NEW
YORK, June 1, 2022 /PRNewswire/ -- North
Atlantic Acquisition Corporation ("NAAC") (Nasdaq: NAAC) announces
that it has postponed NAAC's extraordinary general meeting of
shareholders (the "Extraordinary Meeting") scheduled to be held
today. A revised date for the Extraordinary Meeting will be
announced in due course.
About North Atlantic Acquisition Corporation
NAAC is a blank check company, also commonly referred to as a
SPAC, formed for the purpose of effecting a business combination
with a company with global ambition, with a primary focus on the
consumer, industrials and TMT sectors in Europe or North
America, where its Board of Directors has multiple decades
of experience.
About TeleSign
TeleSign provides continuous trust to leading global enterprises
by connecting, protecting and proactively defending their digital
identities. TeleSign verifies over five billion unique phone
numbers a month, representing half of the world's mobile users, and
provides critical insight into the remaining billions. The
company's powerful AI and extensive data science deliver identity
with a unique combination of speed, accuracy and global reach.
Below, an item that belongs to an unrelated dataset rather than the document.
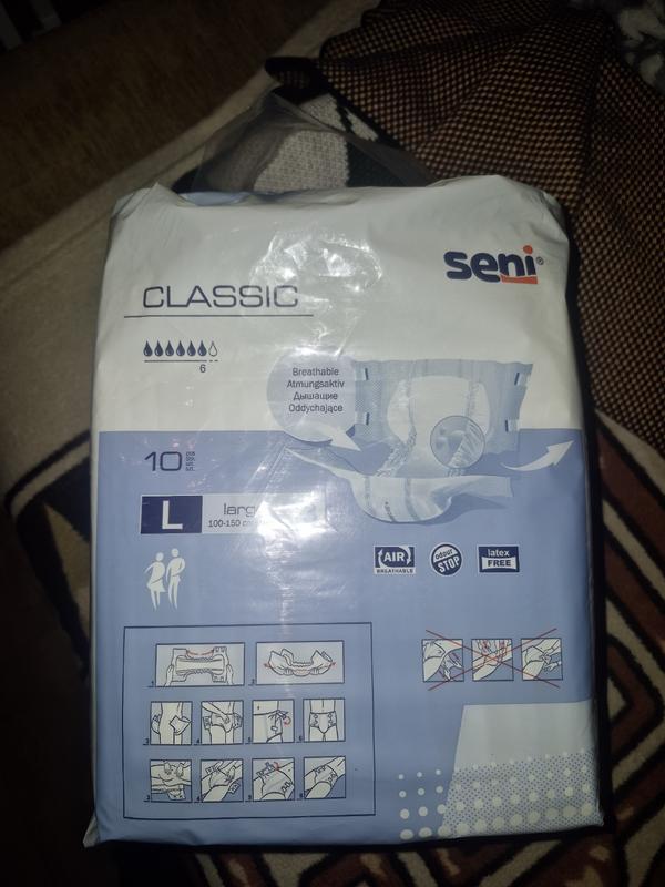 Підгузники 10 шт Seni Super Classic large для дoрoслих м/упПідгузники Seni Super Classic large для дoрoслих м/уп (не повна упаковка )не вистачає 2 шт Ідеально на післяпологовий період

TeleSign solutions prevent fraud, secure communications and enable
the digital economy by allowing companies and customers to engage
with confidence. Learn more at www.telesign.com and follow us on
Twitter at @TeleSign.
Important Information and Where to Find It
NAAC filed the definitive proxy statement/prospectus with the
U.S. Securities and Exchange Commission ("SEC") in connection with
the proposed Business Combination. The definitive proxy
statement/prospectus has been sent to all NAAC shareholders and
NAAC and TeleSign will also file other documents regarding the
proposed business combination with the SEC. NAAC shareholders and
other interested parties are urged to read the definitive proxy
statement/prospectus and any other documents filed with the SEC
carefully and in their entirety when they become available because
they will contain important information about NAAC, TeleSign and
the proposed transactions. NAAC shareholders and other interested
parties may obtain free copies of the definitive proxy
statement/prospectus and other documents filed with the SEC by NAAC
through the website maintained by the SEC at http://www.sec.gov or
by directing a request to: North Atlantic Acquisition Corporation,
c/o McDermott Will & Emery LLP,
One Vanderbilt Avenue, New York, New
York 10017.
Participants in the Solicitation
NAAC and its directors and executive officers may be considered
participants in the solicitation of proxies with respect to the
proposed transactions. Information about the directors and
executive officers of NAAC is set forth in its definitive proxy
statement/prospectus, filed with the SEC on April 19, 2022. Additional information regarding
the participants in the definitive proxy statement/prospectus and a
description of their direct and indirect interests, by security
holdings or otherwise, is included in the definitive proxy
statement/prospectus and other relevant materials to be filed with
the SEC regarding the proposed transactions when they become
available. NAAC shareholders and other interested persons should
read the definitive proxy statement/prospectus carefully before
making any voting decisions. These documents can be obtained free
of charge from the sources indicated above.
No Offer or Solicitation
This communication is not intended to and does not constitute an
offer to sell or the solicitation of an offer to subscribe for or
buy or an invitation to purchase or subscribe for any securities or
the solicitation of any vote in any jurisdiction pursuant to the
proposed transaction or otherwise, nor shall there be any sale,
issuance or transfer of securities in any jurisdiction in
contravention of applicable law. Subject to certain exceptions to
be approved by the relevant regulators or certain facts to be
ascertained, the public offer will not be made directly or
indirectly, in or into any jurisdiction where to do so would
constitute a violation of the laws of such jurisdiction, or by use
of the mails or by any means or instrumentality (including
facsimile transmission, telephone and the internet) of interstate
or foreign commerce, or any facility of a national securities
exchange, of any such jurisdiction.
Forward-Looking Statements
This communication includes
certain statements that are not historical facts but are
forward-looking statements for purposes of the safe harbor
provisions under the United States Private Securities Litigation
Reform Act of 1995. Forward-looking statements generally are
accompanied by words such as "believe," "may," "will," "estimate,"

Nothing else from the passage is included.